Während wir sie durchquerten, begrüßten uns aus jeder Kabine Schreie, Gelächter und andere lautstarke Gefühlsäußerungen. Vielleicht waren die Spieler gerade damit beschäftigt, ihre Mütter umzubringen, die Weltherrschaft an sich zu reißen oder St. Ursula und ihre 11000 Jungfrauen zu vögeln, bevor sie sie mit Napalm kaltmachten. Alphawellen-Monitore an jeder Tür zeigten an, wenn einer von ihnen auf Drängen des Traumgestalters aus seinem drogeninduzierten Schlaf aufgewacht war, während er sich immer noch in der REM-Phase befand. Primavera legte die Hände auf die Ohren. »Hört auf!«, schrie sie. »Hört auf! Hört auf!« Aber die Träumer in der Spielhalle waren taub.
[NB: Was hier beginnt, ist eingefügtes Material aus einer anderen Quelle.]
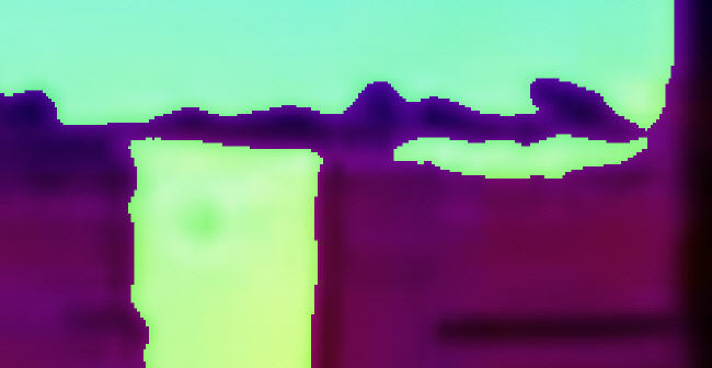 Here You see an enlarged section of the same video source, one second before the flight object appears.
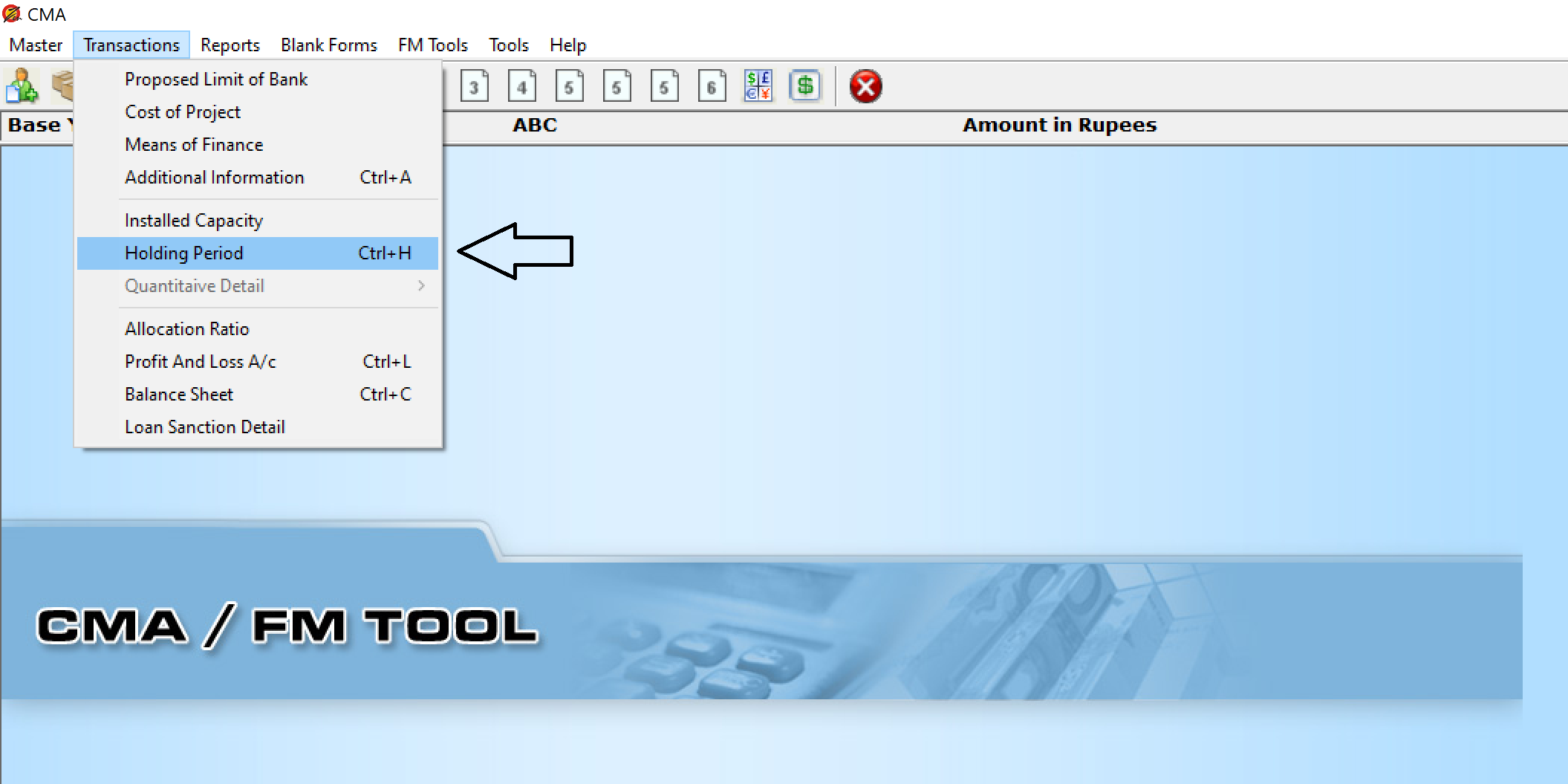 Open the CMA/FM Tools software, go into Transactions → Holding Period option given in menu bar.
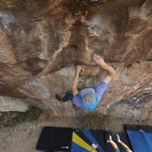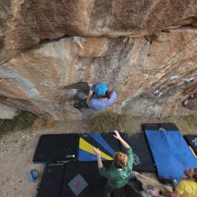 Blue Lizard Climbing and Yoga Hueco Tanks guiding on December 4, 2022, with Emily & Joey, Jamie & Kyle, Lisa & Dan, and Nicole & Chris
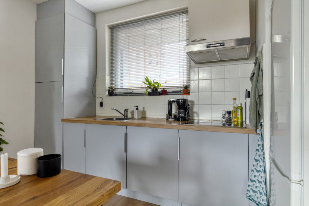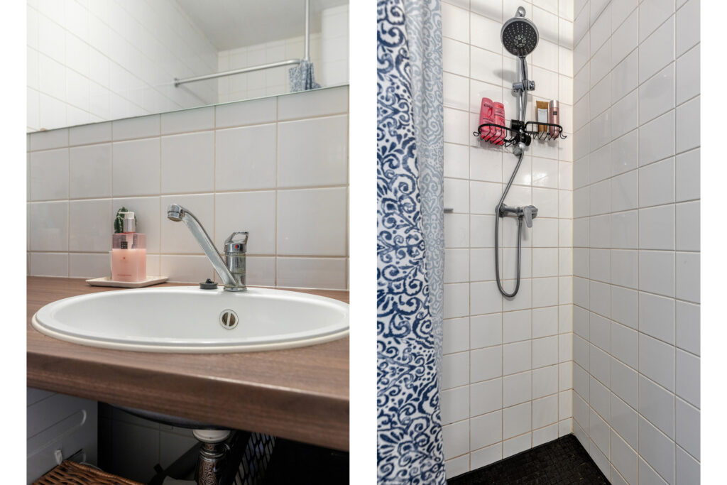 Entree, hal met video-intercom met toegang tot volledige betegelde badkamer, voorzien van een douche, hangcloset en ruime wastafel, tevens treft men hier de aansluiting ten behoeve van de wasapparatuur. Ruime woonkamer (ca. 7.00 x 3.58m.) met toegang tot het balkon op het zonnige zuiden (ca. 2.72 x 1.41m). De open keuken is gelegen aan de galerijzijde en voorzien van een moderne inrichting in wandopstelling met diverse kastruimte, aan inbouwapparatuur is aanwezig een elektrische kookplaat, een koelkast (los) en een afzuigkap. Vanuit de woonkamer is de ruime slaapkamer te bereiken (ca. 4.64 x 2.66m.).
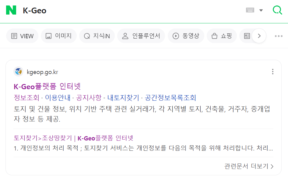 첫째, 먼저 K-Geo사이트에 접속해야 합니다. 네이버나 다음을 통해서도 접속할 수 있으니 편한 방법으로 이용하시면 됩니다.
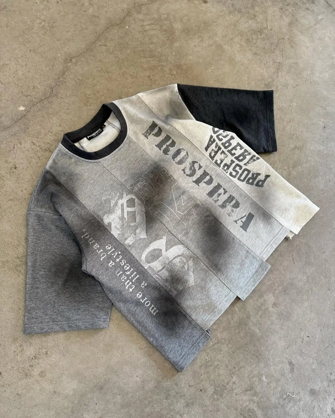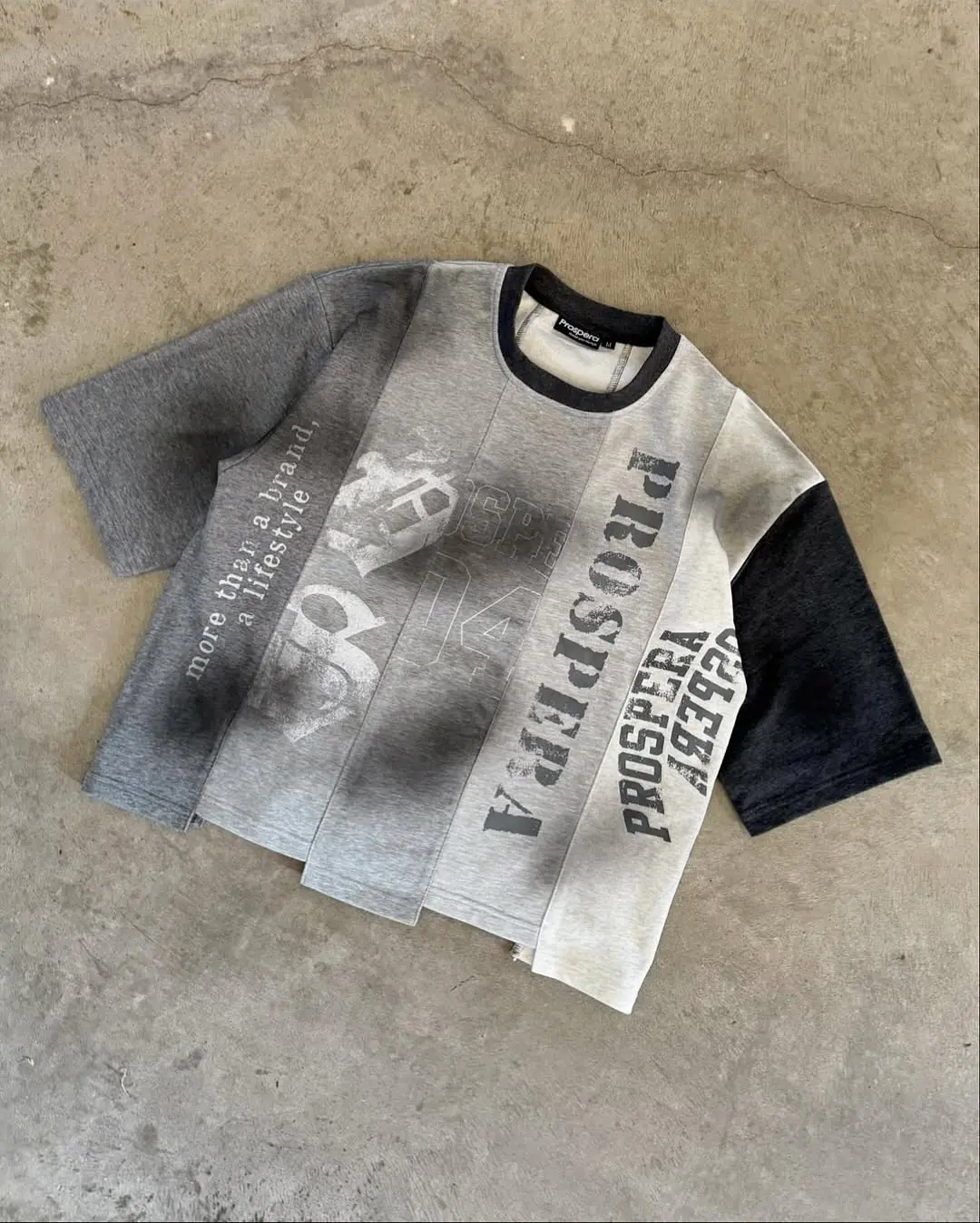 Customized 100% Cotton Smart Casual Knitted T-shirt Street Multi-Panel Square Color Block Sun Fading Retro Uneven DTG Printed

Als wir auf die Straße hinausrannten, erhob sich vor uns das Grace; auch eine Schönheitsoperation im Art-déco-Stil hatte den Krebsbefall an der Fassade nicht kaschieren können. Ganz oben ein Penthaus: Kitos Nest. Ein Horst, in dem sich Eitelkeit, Gehässigkeit und Betrug niedergelassen hatten.

Ein kleiner Junge mit einem Engelsgesicht zupfte an meinem Hosenbein. Er sah mich mit großen Kinderaugen an und verbeugte sich: »Bitte, Sir, zehn Baht. Ich habe Hunger.«

Primaveras Faust krachte gegen den Schädel des Kindes. Es rannte davon, wobei ihm Drähte und Prozessoren aus dem Ohr hingen. »Madame sollte diese Dinger wirklich loswerden«, sagte sie.

»Wie kommen wir da rein?«

»Haupteingang. Keine Schläger. Wir nehmen den Weg durch das Café.«

»Aber da ist es bestimmt gerammelt voll.«

»Umso besser ‒ dann bemerkt uns niemand.«

Primavera nahm meinen Arm und führte mich durch das Portal von Kitos Festung.
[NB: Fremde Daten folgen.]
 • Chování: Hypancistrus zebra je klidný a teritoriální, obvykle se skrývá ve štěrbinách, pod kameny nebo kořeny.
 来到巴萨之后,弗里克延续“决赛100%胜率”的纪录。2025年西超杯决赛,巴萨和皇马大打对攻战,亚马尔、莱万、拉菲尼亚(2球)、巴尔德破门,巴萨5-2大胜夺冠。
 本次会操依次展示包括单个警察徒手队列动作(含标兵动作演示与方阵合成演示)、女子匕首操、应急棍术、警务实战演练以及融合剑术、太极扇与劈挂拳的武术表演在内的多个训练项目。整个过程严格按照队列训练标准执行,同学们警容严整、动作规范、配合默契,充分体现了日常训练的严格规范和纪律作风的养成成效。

»Wie früher«, sagte sie. Ich hielt ihren Arm umklammert. Aus Angst? Um ihr zu zeigen, dass ich zu ihr hielt? Aber warum sollte Primavera das nötig haben? Die Vampirin hatte Blut gewittert. Es war Angst ‒ meine Angst, die sie lockte. »Ganz ruhig«, dachte Primavera, »das ist eine Angelegenheit unter Puppen. Bloß nicht aufregen. Du sollst nur dafür sorgen, dass ich mehr wie ein Mensch aussehe.« Peinlich berührt ließ ich sie los.

Ich lächelte den Pagen zu und geleitete meine »Schwester« (diese Doppelrolle hatten wir während unseres Aufenthalts im Weird schon früher gespielt) in die mélange des Cafés. Noch vor ein, zwei Jahren hatten wir geradezu entwaffnend unschuldig gewirkt. Aber inzwischen waren wir nicht mehr ganz so überzeugend ‒ ich sah aus wie das Phantombild eines Jungen, der aus Borstal entflohen war, und Primavera war die Verkörperung einer jugendlichen Elternmörderin.

»Du kannst immer auf mich zählen«, dachte ich auf ihr mentales Seufzen hin. »Wirklich ‒ ich meine das ernst.« Doch sie hörte mir nicht zu, war viel zu beschäftigt damit, Hunderte von Wellenlängen zu entwirren, das Gebrabbel menschlicher Begierden. Farang versuchten, verträumt oder von Selbsthass erfüllt, mit den Gynoiden anzubändeln, die sich im Foyer drängten.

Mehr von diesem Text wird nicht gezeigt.